> [What to produce]: Starting at the line containing "The flamingo wallpaper" and ending at the line containing "Jacques Vabre. |", print every line of the material below exactly, both ends included, and stop there.

> [Given data]:
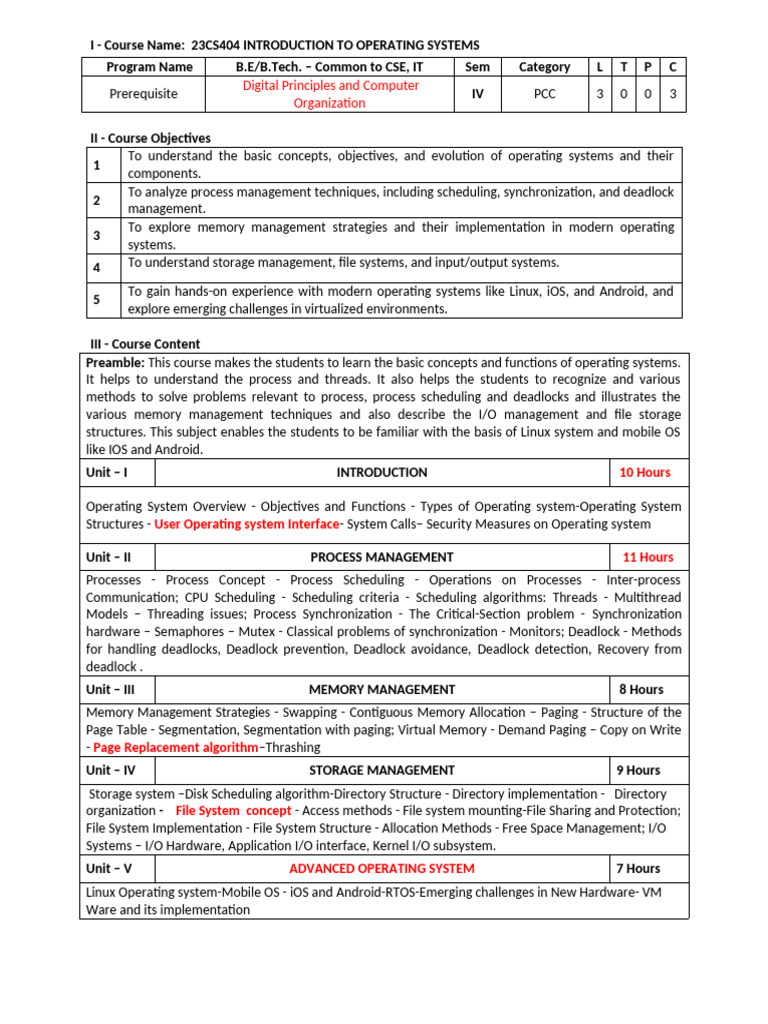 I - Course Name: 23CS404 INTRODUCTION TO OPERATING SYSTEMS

==

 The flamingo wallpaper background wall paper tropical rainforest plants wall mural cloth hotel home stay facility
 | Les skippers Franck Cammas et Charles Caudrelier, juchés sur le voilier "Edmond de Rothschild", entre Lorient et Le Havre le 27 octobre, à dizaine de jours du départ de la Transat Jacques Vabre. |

> [Solution for this problem]:
 The flamingo wallpaper background wall paper tropical rainforest plants wall mural cloth hotel home stay facility
 | Les skippers Franck Cammas et Charles Caudrelier, juchés sur le voilier "Edmond de Rothschild", entre Lorient et Le Havre le 27 octobre, à dizaine de jours du départ de la Transat Jacques Vabre. |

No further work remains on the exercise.